The BTC aggregated liquidation heatmap reveals a three-month build-up of positions in the 108K–104K zone. Most long positions tend to get wiped out in this range, while shorts begin to dominate. Traders observing these patterns often consider new long entries when red zones appear, indicating potential market reversals.

Volume-based accumulation is essential in understanding market shifts within this range.
Delta flows show retail selling activity, offering a setup for opposite positions by informed traders.The heatmap suggests cautious optimism as the market leans toward pessimism, but not fully yet.

When the price approaches 105K, short accumulation could indicate the next stage of market movement. If delta and build-up phases align, long positions may be constructed around this level. Traders are advised to track these signals closely, as strength or absence thereof can determine future price action.

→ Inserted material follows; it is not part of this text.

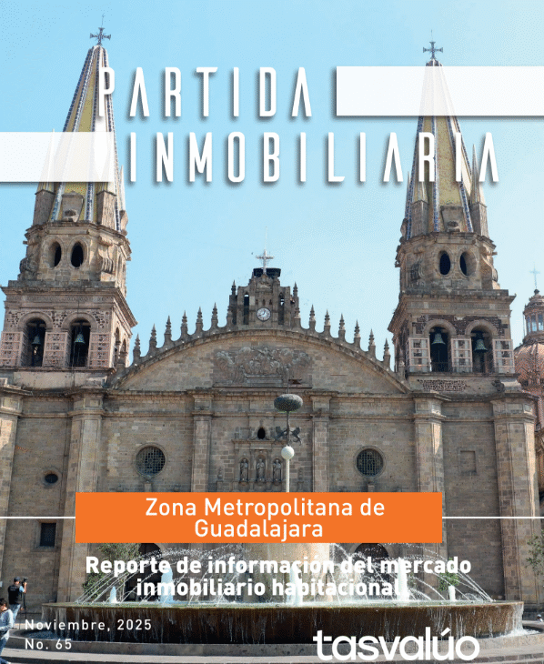 Partida inmobiliaria es un reporte de información estratégica con un panorama general del mercado inmobiliario, tanto de vivienda nueva, como usada de las principales ciudades del país. Su emisión por ciudad es semestral y analiza las zonas metropolitanas seleccionadas según el Sistema Urbano Nacional. Además, aborda las características del mercado demandante e indicadores de competitividad urbana. Se puede consultar el informe completo en: https://tasvaluo.com/wp-content/uploads/2025/11/Partida-Inmobiliaria-de-Guadalajara-Noviembre-2025.pdf

The Significance of Delta Flows

Delta flows provide insight into the distribution of buy and sell orders in the market.
Tracking whether retail traders are selling helps identify potential counter-position opportunities.
These signals can guide traders in constructing long positions or managing existing short exposure.

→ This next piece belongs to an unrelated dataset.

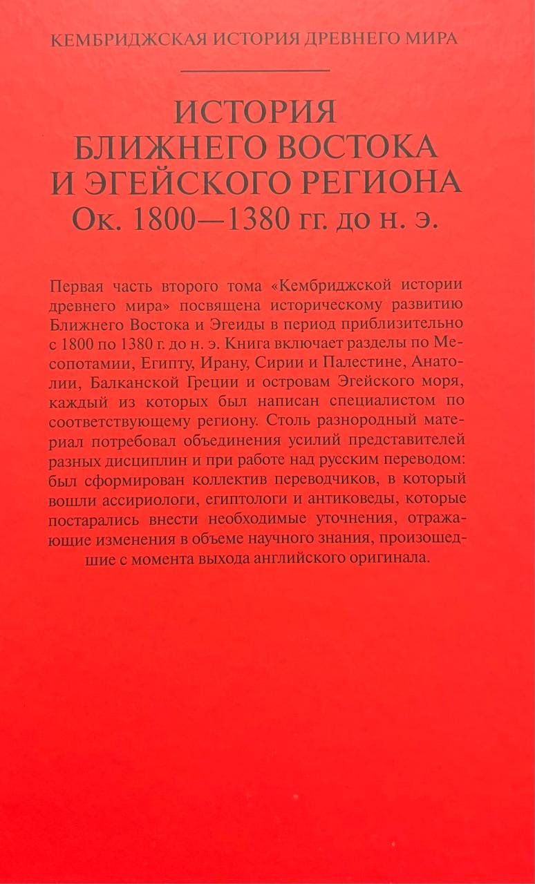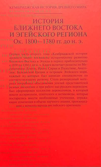 Первая часть второго тома «Кембриджской истории древнего мира» посвящена историческому развитию Ближнего Востока и Эгеиды в период приблизительно с 1800 по 1380 г. до н. э. Книга включает разделы по Месопотамии, Египту, Ирану, Сирии и Палестине, Анатолии, Балканской Греции и островам Эгейского моря, каждый из которых был написан специалистом по соответствующему региону. Столь разнородный материал потребовал объединения усилий представителей разных дисциплин и при работе над русским переводом: был сформирован коллектив переводчиков, в который вошли ассириологи, египтологи и антиковеды, которые постарались внести необходимые уточнения, отражающие изменения в объеме научного знания, произошедшие с момента выхода английского оригинала.

Boris noted, “Track delta flows — if retail is selling, you can set up the opposite position. Understanding sentiment shifts through these flows can strengthen decision-making for active traders. The analysis emphasizes aligning delta readings with volume-based accumulation for accurate positioning.

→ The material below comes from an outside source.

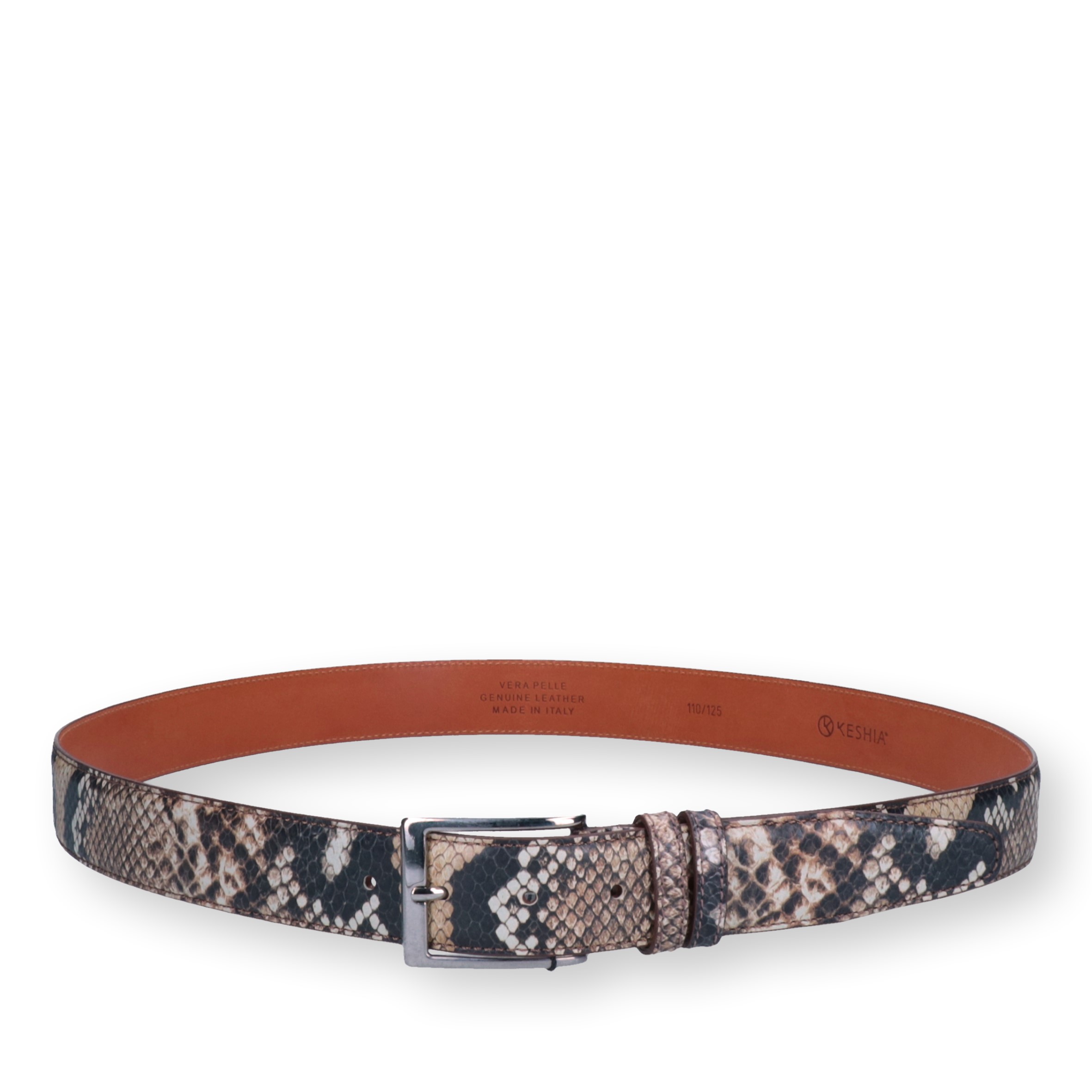 Cintura uomo in pelle stampa pitone, made in italy. Altezza 3 cm. Parte interna della cintura in vera pelle

The market’s slight pessimism suggests that movements toward key levels are carefully monitored. If delta signals weakness, the price may push lower, affecting the accumulation and reversal strategy. Conversely, strong delta readings could signal a rebound, presenting opportunities for informed entries.

The 90K Zone: Potential Capitulation Point

The 90K level represents a deeper market zone that could trigger full capitulation.
Fundingvest highlighted this area as extremely interesting for traders monitoring BTC’s alpha signals. If reversal emerges from 90K, traders caught short may face rapid price increases.

Monitoring position closures around 105K helps determine the market’s immediate direction. Absence of strength at this level could allow further downward movement toward the 90K zone. This zone may act as a decisive area where accumulation and market sentiment align for potential rallies.

Traders focusing on these zones can structure positions based on observed liquidation patterns. Red zones on the heatmap often indicate times to consider buying or setting strategic entries. Combined analysis of delta flows and accumulation patterns provides a clearer understanding of market shifts.